● **SUPPLIED DATA**:
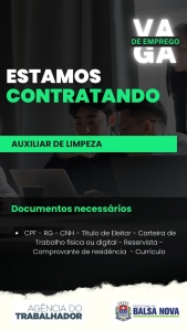 “A disponibilidade das vagas variam de acordo com o Perfil dos candidatos comparados ao perfil exigido pelo empregador.” Não fornecemos informações sobre as vagas em mídias sociais e nem por telefone, surgiu aquele interesse na vaga venha na Agência do Trabalhado de Balsa Nova na AV. BRASIL N°665 com seus documentos em mãos.
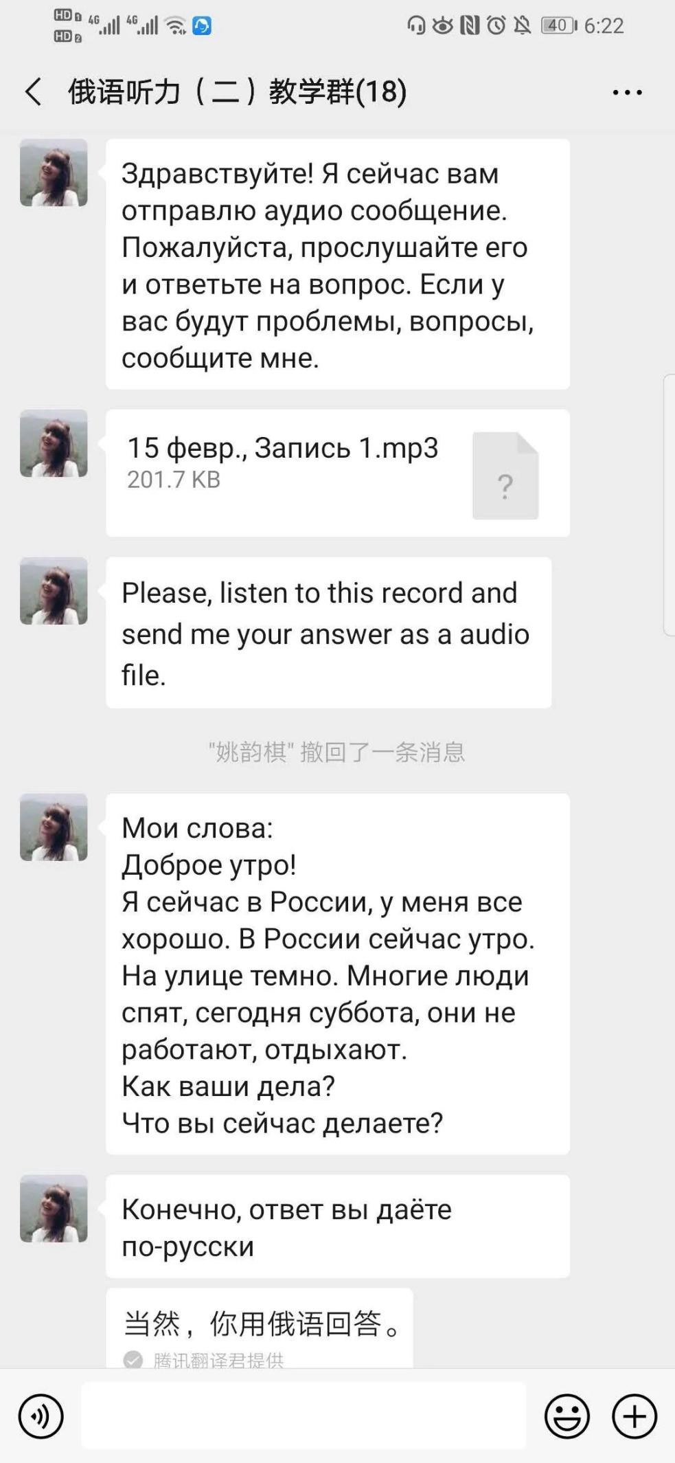 俄语外教Olga目前为止教学进展顺利,之前有过一些线上教学的经验,相对不算太陌生。我会提前备好上课材料,发给学生。同时,非常感谢我的系部,他们给了我很多支持。
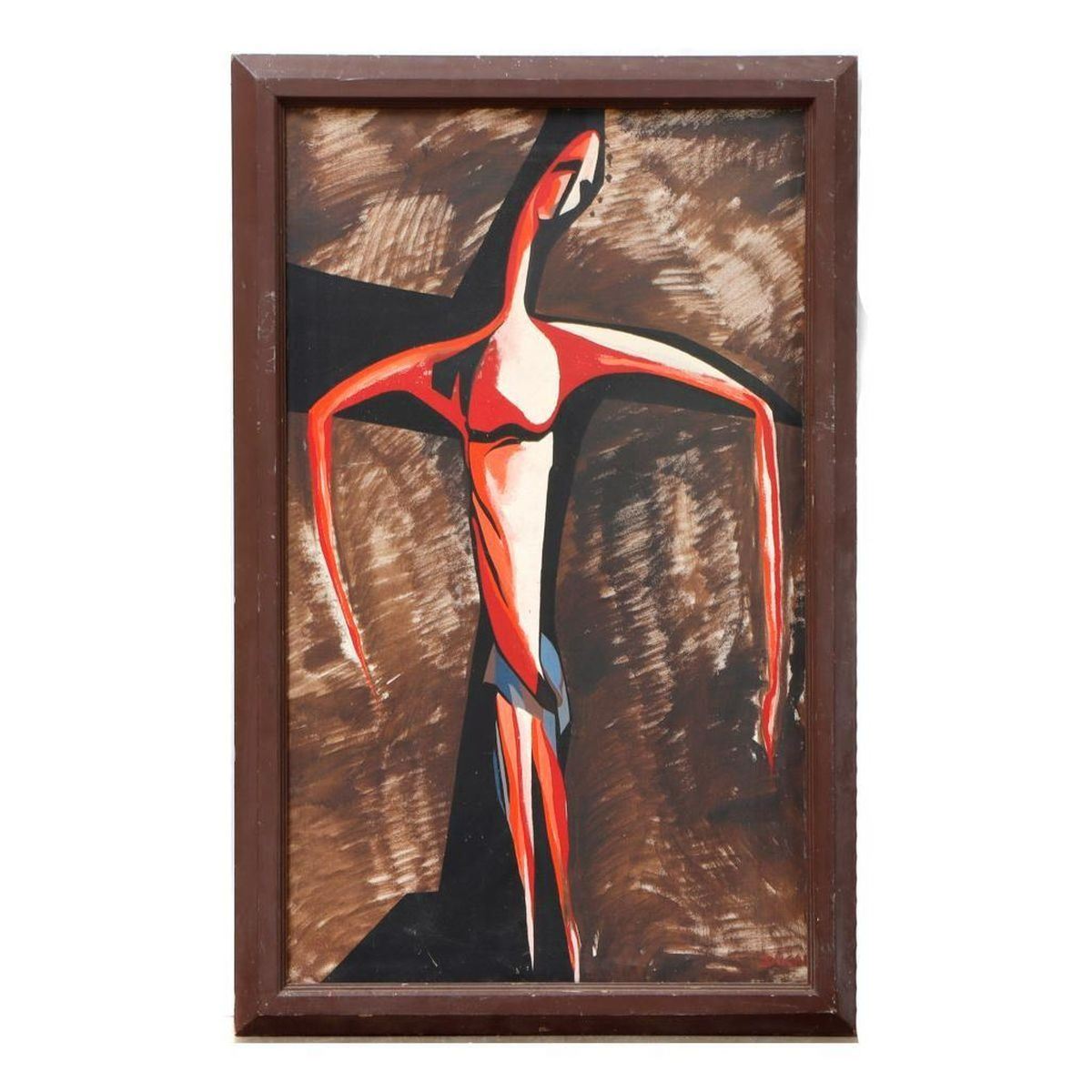 Artist: Ralph DuCasse (1916-2003). Title/Description: Abstracted crucifixion. Signature: Signed lower right. Date Created: 1949. Medium/Ground: Oil on canvas. Size: 44in x 26in; 48 3/4in x 30 1/2in (frame). Condition: Craquelure, surface scuffing, losses. From the Family of Xavier Martinez (1869-1943), Elsie Whitaker Martinez (1890-1984), and Micaela Martinez DuCasse (1913-1989).

● **BRIEF**: Line by line, give the material above again exactly, but without any pictures.

● **RESPONSE AREA**:
 “A disponibilidade das vagas variam de acordo com o Perfil dos candidatos comparados ao perfil exigido pelo empregador.” Não fornecemos informações sobre as vagas em mídias sociais e nem por telefone, surgiu aquele interesse na vaga venha na Agência do Trabalhado de Balsa Nova na AV. BRASIL N°665 com seus documentos em mãos.
 俄语外教Olga目前为止教学进展顺利,之前有过一些线上教学的经验,相对不算太陌生。我会提前备好上课材料,发给学生。同时,非常感谢我的系部,他们给了我很多支持。
 Artist: Ralph DuCasse (1916-2003). Title/Description: Abstracted crucifixion. Signature: Signed lower right. Date Created: 1949. Medium/Ground: Oil on canvas. Size: 44in x 26in; 48 3/4in x 30 1/2in (frame). Condition: Craquelure, surface scuffing, losses. From the Family of Xavier Martinez (1869-1943), Elsie Whitaker Martinez (1890-1984), and Micaela Martinez DuCasse (1913-1989).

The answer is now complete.